Listen to experts – and go broke

While reading through the news today, I saw several articles and stories talking about how now is a good time to buy stocks.  I’ve been reading this same type of story since mid 2007, and there’s one thing they all have in common – they’re all wrong.

They’re wrong because the “experts” the writers quote in the stories have incorrect assumptions about the current situation.  Most all are assuming that this is a typical mild recession, that makes for a quarter or two of bad earnings, then stock prices resume their upward march.  They make this assumption because that’s how stocks have behaved (for the most part) since the early 1980’s.

But this is not a typical recession because the problems with our economy are structural.  It takes much longer to work through structural problems than a typical business cycle downturn where nothing long term is really wrong.  Structural problems go deep, and they require massive destruction of debt in order to re-establish a strong financial base from which to start building again.

Here are a few links to news stories from the past couple of years.

An Alarm Is Blaring: Time to Buy (NY Times, May 18,2008) The S&P 500 index is down over 40% since then.

Why you should be buying stocks now (Money Magazine, Dec 3, 2008) S&P 500 down over 10%.

International experts aren’t faring any better – especially Anthony Bolton in England.

Anthony Bolton: Why now’s the time to buy (UK Telegraph, Jun 10, 2008) FTSE 100 down over 30%.

The same basic story was re-run on Oct 6th.  Anthony Bolton: Why now’s the time to buy FTSE 100 is down over 15%.  Hey Anthony – if you keep saying it, eventually you’ll be right.  And most people will forget all times you were wrong!

Back to the US.

Resist the Impulse to Panic Over Finances (NY Times, Mar 22nd, 2008)   S&P 500 down over 40% since then.  Also, I wonder what Mr Tysk is doing these days?  Anyone who actually took his advice has lost 40% of their money.  He said “Small investors always make the worst timing decisions because emotion is involved,” Mr.

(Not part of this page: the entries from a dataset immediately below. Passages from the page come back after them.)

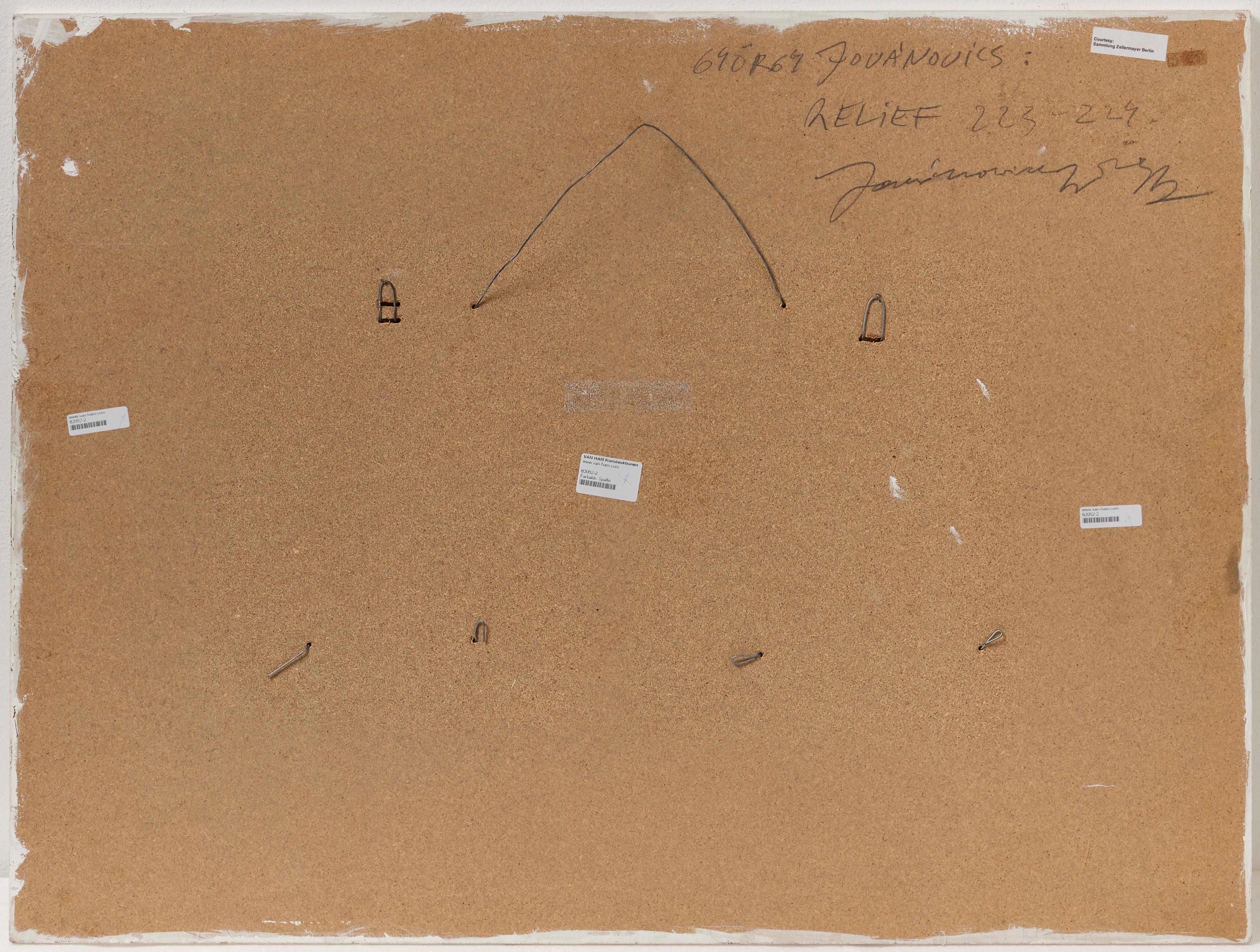 Bezeichnung: Bezeichnet, betitelt und zweifach signiert verso oben rechts: GYÖRGY JOVÁNOVICS: RELIEF 223-224 Jovánovicsgyörgy.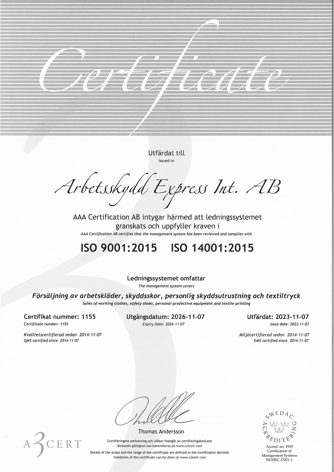 Vi stræber efter at opretholde de højeste standarder gennem vores transparente, strukturerede og aktive arbejdsmetodik for at opfylde kravene til vores ISO-certificeringer 9001 (kvalitet) og 14001 (miljø). Disse certificeringer udgør en garanti for vores kunder, som kan være trygge i visheden om, at vores tekstiler og stoffer er fri for skadelige kemikalier. Vi gennemfører regelmæssige og grundige tredjepartskontroller på vores fabrikker for at sikre, at vores produkter opretholder en høj og ensartet kvalitet. Denne dedikation til kvalitet og miljøansvar gennemsyrer hele vores virksomhed og udgør grundlaget for det tillid, vi stræber efter at opbygge med vores kunder.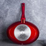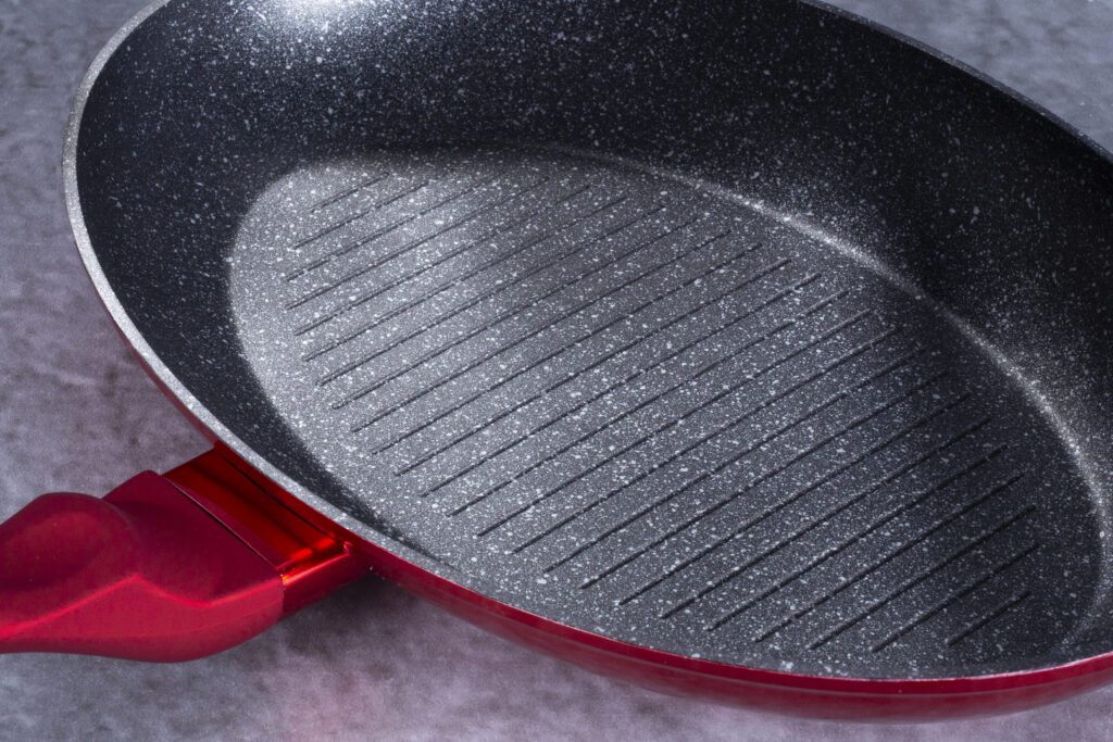 Grill pan for fish with a marble surface in a unique design. For grill pans, the inner surface is ribbed, which mimics a traditional grill grate. The grooves remove the excess fat, which, together with the juice from the meat, is retained between them.
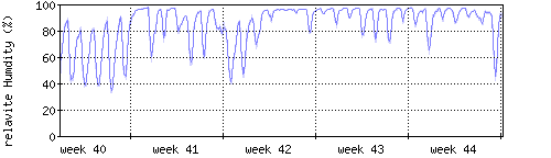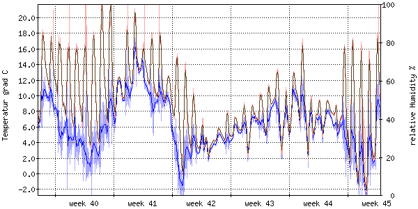 Der blaue Graph zeigt relative Feuchtigkeit. |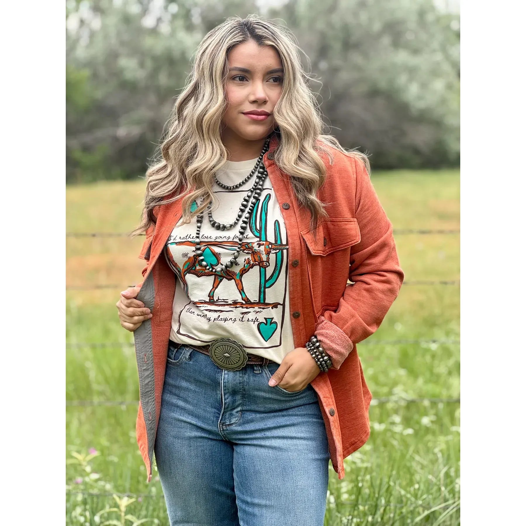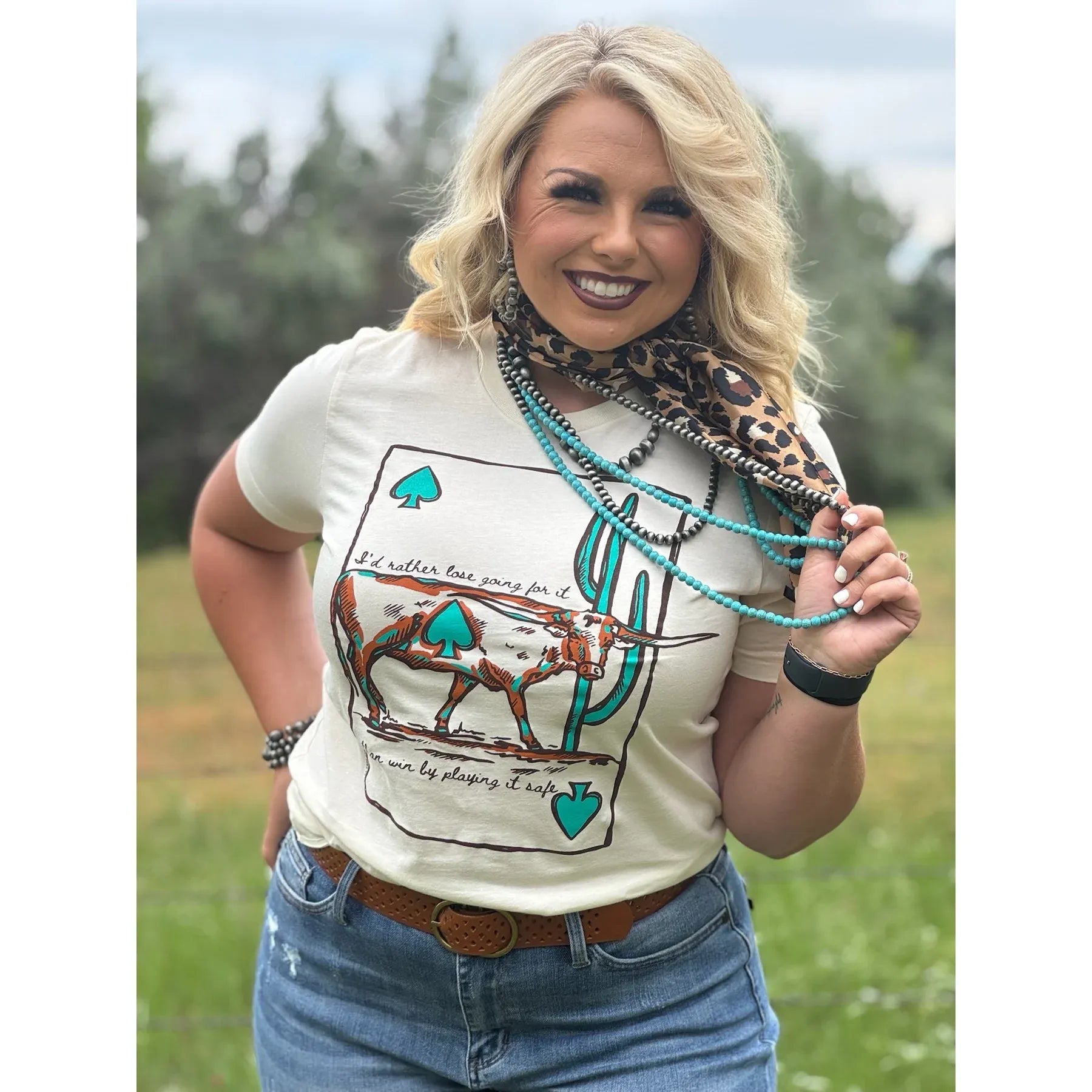 A fun western tee designed in the ace of spades! I'd rather lose going for it, than win by playing it safe!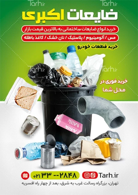 تراکت خام خرید و روش ضایعات با فرمت psd و قابل ویرایش در نرمافزار فتوشاپ بهصورت لایه باز توسط تیم طراحان طرح دات آی آر طراحی شده است. در نمونه تراکت ضایعات از تصاویر و المانهای باکیفیت و متناسب با استاندارد چاپ استفادهشده، همچنین نکات مهم در طرح تراکت ضایعات مانند رنگبندی، رعایت حاشیه، فاصلهها، فضای کافی برای درج متن، سایز و نوع فونت مناسب طراحی تراکت و ... رعایت گردیده است. طرح لایه باز تراکت ضایعات ماشین آلات شامل عکس ضایعات میباشد که المانهای استفادهشده در طرح تراکت خدمات بازیافت قابلیت ویرایش، جابهجایی و تغییر سایز را دارا بوده و شما میتوانید متناسب باسلیقه خودتان تراکت لایه باز ضایعات را ویرایش نمایید، همچنین با تغییر تصاویر و متنها میتوانید طرح تراکت خرید ضایعات را به طرح تراکت کسب و کار مد نظر خود شخصی سازی نمایید.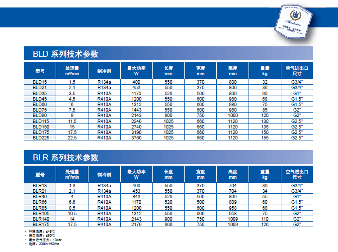 BLR系列冷干機壓力露點為3-10℃,出口相對溫度可至20。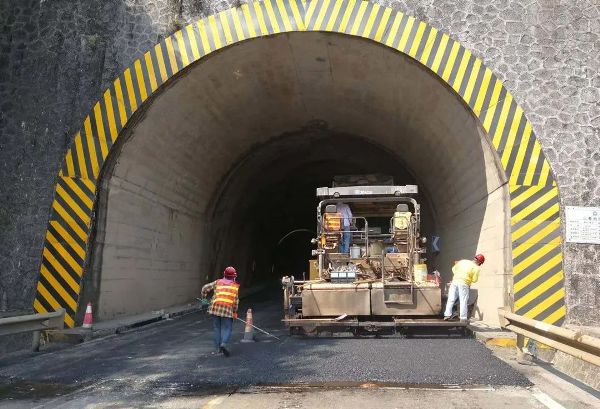 三叠岭隧道地处广西百色靖西市境内G359线(佛山-富宁),是靖西市重要的旅游线路,为通往通灵大峡谷以及三叠岭瀑布等有名景区的必经之路,且交通货运繁忙,是连接崇左地区的重要干道。三叠岭隧道密闭空间内的施工环境复杂,通风条件有限,低碳净味改性沥青完成沥青混合料拌合并在三叠岭隧道摊铺作业,不同于传统热拌沥青混合料高温条件下释放大量的沥青烟气;低碳净味改性沥青在高温条件下可有效减少有害气体排放,减少沥青异味,改善施工人员的工作条件,实现隧道施工的安全、高效与可持续性,助力公路建设“绿色施工”。

Tysk said. “This is precisely the wrong time to move to safer options. The stock market has dropped dramatically and now is the time to invest — don’t close the stable door after the horse has left.”

Just a couple of weeks ago, The NY Times ran a story titled Why Analysts Keep Telling Investors to Buy and there were lots of reasons given.  But basically it boils down to the market goes up long term and you need to be in the market.  That advice is just as wrong  today as it’s been over the past 18 months.

It’s wrong because the market doesn’t always go up, just as people have now realized that housing prices don’t always go up.

I don’t claim to have a crystal ball for stock prices – hell, I bought Nortel 3 years ago at $3 because it was “cheap” and now they’re broke and I lost that money.  But I’m tired of stories saying that “no one predicted this” and “the depth of the financial crisis was missed by everyone” because it’s wrong.

I predicted this back when I first started this blog.  One of my earliest posts was Another Prognosticator Oops! where I gave my opinion on what was going to happen.  That was in January 2008, and I said I think it’s waaay to soon to be looking at this sector.  Personally, I think we’ll see a couple of big bank failures before the financial house of cards has collapsed fully.

We won’t be at the bottom until the losses are all acknowledged and reflected in the balance sheets and earnings.  I’ve lost track of how many times I’ve read where companies are throwing in the kitchen sink in an attempt to get all the bad news out there and move on.  But yet they haven’t.  Losses continue to pile up – in fact, they’re accelerating at this point.

This was the first quarter ever that the S&P 500 had no earnings.  The aggregate losses at this point are over $10/share.  It’s impossible to do a P/E ratio calculation on the S&P 500 because there is no E!

With the benefit of hindsight, it may turn out that right now is an excellent buying opportunity, but I don’t think so.  Based on the predicted earnings for the next 12 months, stocks are still about 40% too high.  The S&P 500 should be about 550 right now in my opinion.  So either earnings have to go up dramatically, or prices need to fall.

What do you think is more likely? 🙂  I don’t see higher earnings forecasts for many companies this year, do you?